Automatic Flushing Toilets (or ATF's)
I can't stand these. Whoever invented these ought to be shot.
For you germaphobes......grow a pair and use your foot like the rest of us to flush a toilet. Or, grab some tp and use it to cover the handle to flush.
These things are so ridiculous. Half the time they don't flush at all and you have to push that little button. The other half of the time......they flush while you're mid-stream....or worse. In order to avoid getting your entire ass covered in backsplash (or worse) you have to stop mid-stream (or worse) and get up. Then, if you want to still avoid getting your rear wet, you have to (while your pants are pulled down and you still need to finish what it is you entered the stall for) wipe down the seat or put a new seat cover on (provided there are any seat covers left).

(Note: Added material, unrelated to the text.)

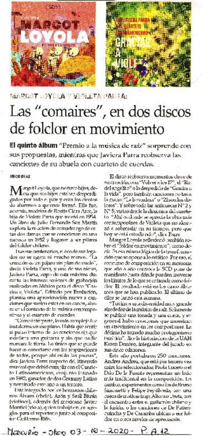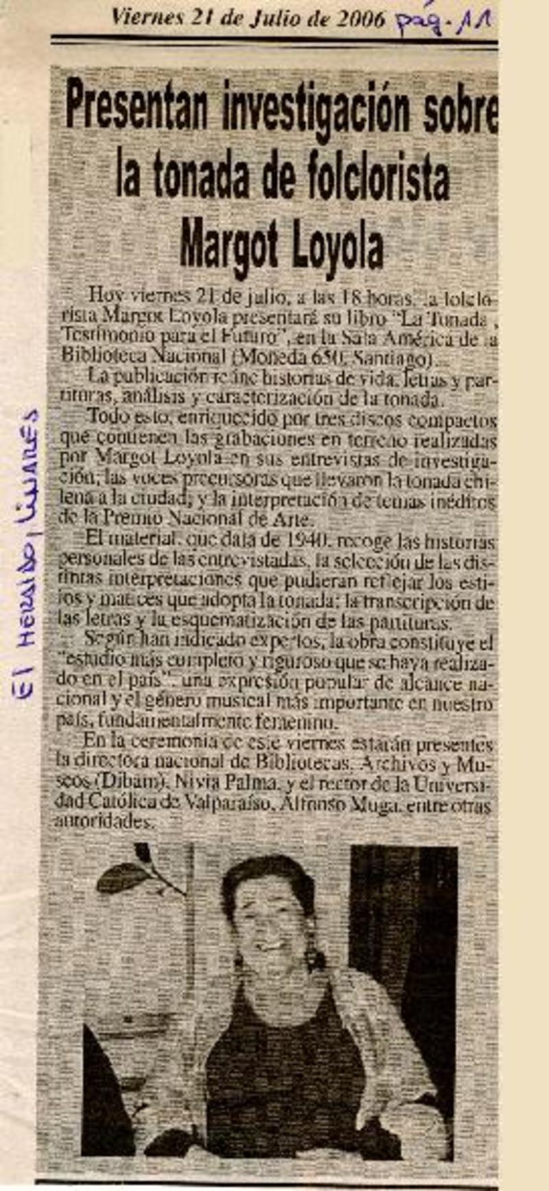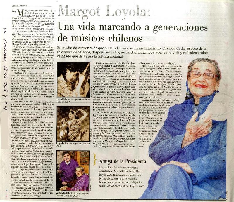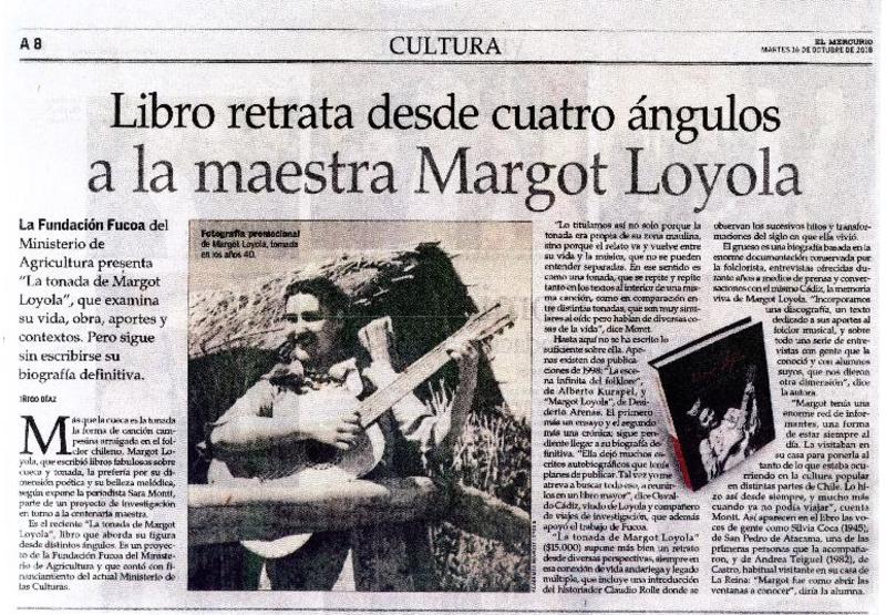 Libro retrata desde cuatro ángulos a la maestra Margot Loyola [artículo] Iñigo Díaz.

We have one here at work that any slightest move you make, it flushes. Not only is that a huge pain in the ass (no pun intended for it doesn't hurt unless you're constipated) but it's such a water waster.
To top it off, all you potty-training parents feel my pain. I can remember when light of my life was potty-training (and really, even up til she was 5), she HATED these toilets with a passion. I mean, with a screaming, almost fit-throwing passion. I would have to enter the stall ahead of her and stand behind the toilet to cover the motion sensor so it wouldn't go off before, during or after she was touching her precious little bottom to the toilet. Such a pain.
Thank goodness she's over that part, but she's like me in that she hates them as well.
I'll get off the pot.....er...my soapbox now.
Later,
Mama Dawg
2 really cool people who give a rat's patootie:
put a sticky note (post it note) over the sensor.
Yeah, I read about that. Problem is, I never remember to do it. LOL!